Поговорили ещё о политике, поспорили даже, когда мне стали рассказывать, какая, по их мнению, хорошая жизнь в России; так и не удалось убедить, что в принципе одинаково и здесь, и там – по одной заокеанской мерке скроена.
В свою школу я пришёл, наверное, рано, потому как осмотр центральной части города занял несколько минут. Завершалось покрытие отгороженных верёвочками участков площади между зданием администрации и только-только воздвигнутым с противоположной стороны Никольским собором, ещё не действующим. Давно уже не осталось и следа от расположенных некогда здесь дореволюционных ветхих домишек и лавочек! На месте только прочное двухэтажное здание школы, сооружённой сто десять лет назад, теперь с двумя пристроенными корпусами.
Я поднялся на второй этаж по истёртым не одним поколением, в том числе и подошвами моих легко промокаемых ботинок, мраморным ступенькам. Директор школы, Валерий Алексеевич, молодой черноволосый и крепкий, бывший десантник, оказался на месте, и не один – в его кабинете сидели две женщины средних лет, которых он мне представил: белокурая – завуч и преподаватель физики Елена Николаевна; коротко стриженная шатенка в очках – Тамара Леонтьевна, профорг.
- Что, готовитесь к празднованию? – спросил их, присаживаясь у стенки.
- Готовимся! Если школьников не соберём на стадион, самим надевать спортивную форму и выходить придётся. Хотя все мы уже в отпуске, – не без иронии заметила Елена Николаевна.
- Куда же ваш профсоюз смотрит? – кивнул я на Тамару Леонтьевну.
- Профсоюз всегда с нами! – развёл руками Валерий Алексеевич.
- Что ж, такова наша преподавательская работа, - заключил я. – Мы тоже сидим как-то на кафедре, уже третьего числа этого месяца, и стали выяснять – с какого числа мы в отпуске. Я говорю: «С третьего, потому как в контрактах это число значится». «Не может быть с середины недели, – возразил завкафедрой. – Только с понедельника, шестого числа». «С пятницы, – сказал кто-то третий и предложил: – А давайте узнаем в бухгалтерии». Позвонили, спросили. «Да вы в отпуске уже, с первого числа!» – ответили там.
- Вот виньетки всех выпусков собрали, – показал большую стопку фотографий Валерий Алексеевич. – Вот и ваш выпуск.
- Молодцы! Приятно посмотреть.
- Старейшая школа города! Начиналась как частная школа для детей железнодорожников, потом, уже в этом здании, значилась как двухклассное железнодорожное училище. После революции – высшее начальное училище, потом общеобразовательная школа, - он подписал и подал мне в подарок только что вышедшую книгу по истории города. – А с этого года – учебный комбинат. Стараемся идти в ногу со временем – с детского сада, который нам причислен, формируем единую преемственную систему обучения…

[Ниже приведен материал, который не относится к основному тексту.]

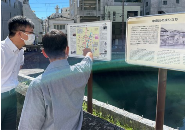
④専門家による現地調査
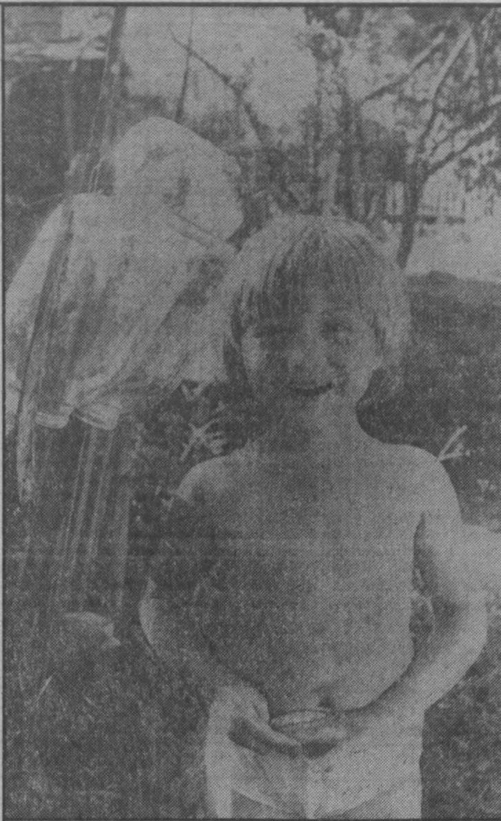
Лето в деревне.

До начала чемпионата мира китайская команда вместе со швейцарцами и спортсменами Белоруссии примет участие в товарищеских соревнованиях в Берне.
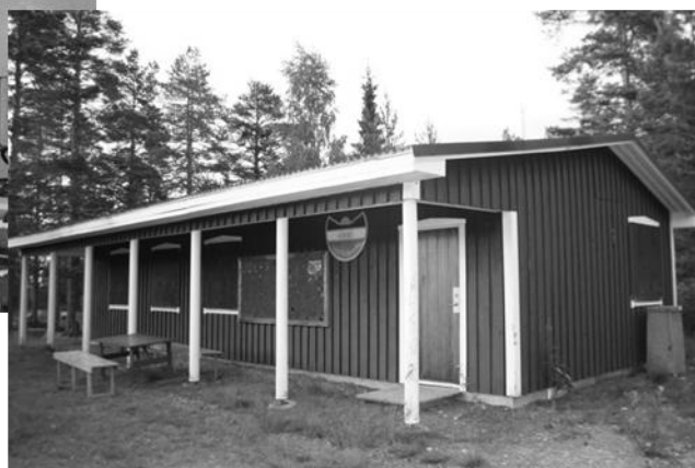
Härnö IF's klubbstuga på Vårdkasen
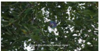
Arash Hanaei, Black Soap, 2020
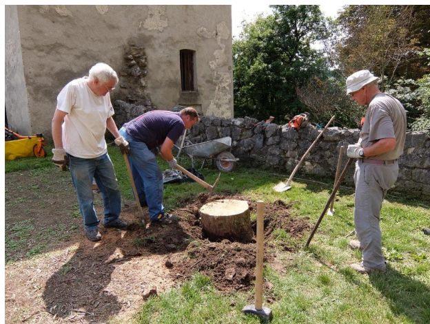
Fleißige Helfer beim Arbeitseinsatz auf der Burg
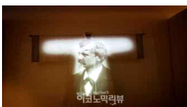
아름지기x벤츠 공예, 한복 등 전시
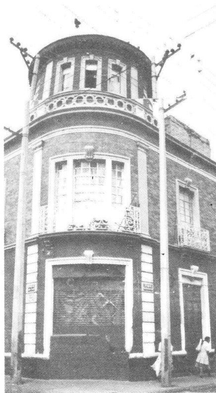
Casa habitación. Santo Tomás núm. 69, esquina Misioneros.

En este marco de cooperación interinstitucional, desde el inicio de la investigación se acopló la perspectiva del Fideicomiso –que solicitaba un diagnóstico-propuesta para un polígono importante,

Поговорив немного и попив чай с коньяком, я с директором пошёл осмотреть ремонтируемую к началу учебного года школу. В углу на втором этаже был наш выпускной класс. Вот актовый зал, место собраний, вечеров и письменных выпускных экзаменов… Гордость директора – компьютерный класс с дюжиной объединённых в сеть маломощных персоналок.

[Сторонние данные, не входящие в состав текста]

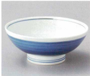
40618-259 呉須千段6.0平身丼 3,000円 50入 (18×7.5cm)
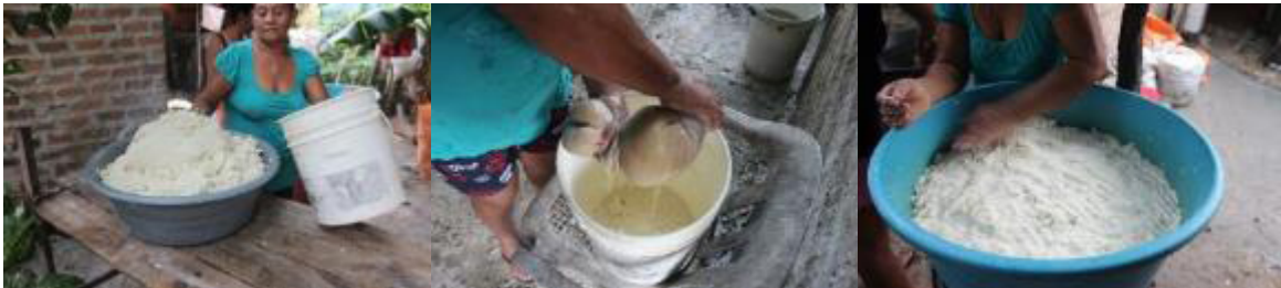
Figura 4 - Exprimida de la masa. 4a. Masa sin exprimir. 4b. Exprimiendo la masa. 4c. Masa exprimida.

En la Figura 4 se puede observar a Enna realizando el proceso de exprimir la masa.
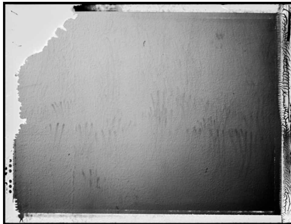
Pegadas. (Huellas) 2013 | 60 x 80 cm | Impresión por pigmentos minerales sobre papel. Ed. 5
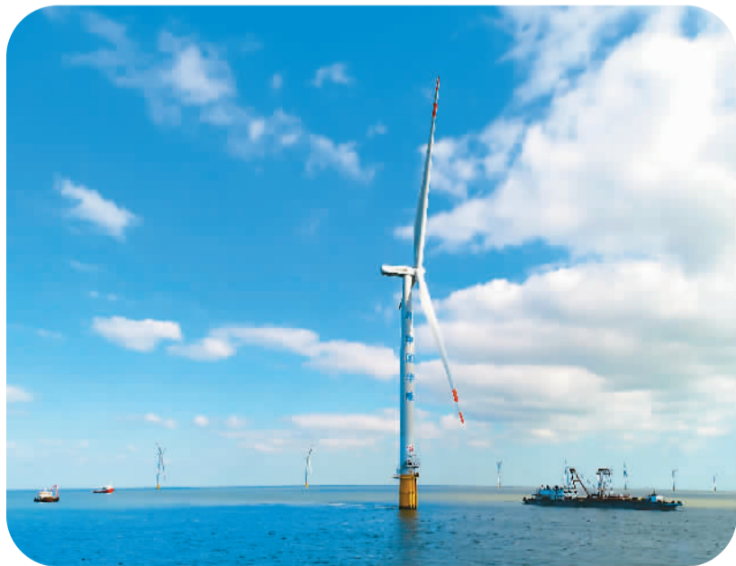
华能如东海上风电风机。

国家能源局负责人表示，接下来要加快发展风电、太阳能发电等非化石能源发电，不断扩大绿色低碳能源供给，“十四五”时期风电光伏要成为清洁能源增长的主力。

- Память о прошедшей выборной кампании! – пояснил он. – Мэр бывший проиграл выборы, правда, но компьютеры все же закупить успели.
***
Если продолжить путь по Подолью от Жмеринки на юг, то можно заметить, как прямая поначалу автомобильная дорога, извиваясь, старательно вписывается во всё чаще попадавшиеся холмы и низины, и автобус то с трудом и медленно взбирается вверх, откуда видны незасеянные поля, то легко катится вниз. По мере приближения к Днестру трасса постепенно опускается в долину, к речушкам, где прижались утопающие в зелени селения. Уезжал я из Жмеринки с двойственным чувством. Приятное, праздничное впечатление осталось от грандиозного, иначе не скажешь, и красочного массового представления молодёжи на стадионе, под угрожающе нависшей грозовой тучей. На этом же стадионе десятки лет назад мы почти так же открывали школьную спартакиаду, потом бегали, прыгали – соревновались… А вечером тёмное небо разукрасилось фейерверком. Успел я просмотреть и подаренную книгу по истории города, и был разочарован – исчез советский период жизни, последняя половина периода его существования, только голодомор и сталинская тирания. И война. Авторы не заметили первый субботник железнодорожников, когда были подняты и восстановлены спущенные под откос восемнадцать паровозов, героев первых пятилеток и созидательного труда – а ведь все названные в книге знаменитые, известные далеко за пределами Украины люди города реализовались именно в то время: Герой Социалистического Труда советский писатель Смолич, народный художник Чорный, уникальный мастер тончайшей миниатюры Маслюк, главный конструктор танкового завода Словиновский, генеральный директор авиационного завода Слободянюк... Сами авторы додумались до такого, или это установка кого-то из нынешних политических мудрецов, нисколько и ничему не научившихся у своих предшественников?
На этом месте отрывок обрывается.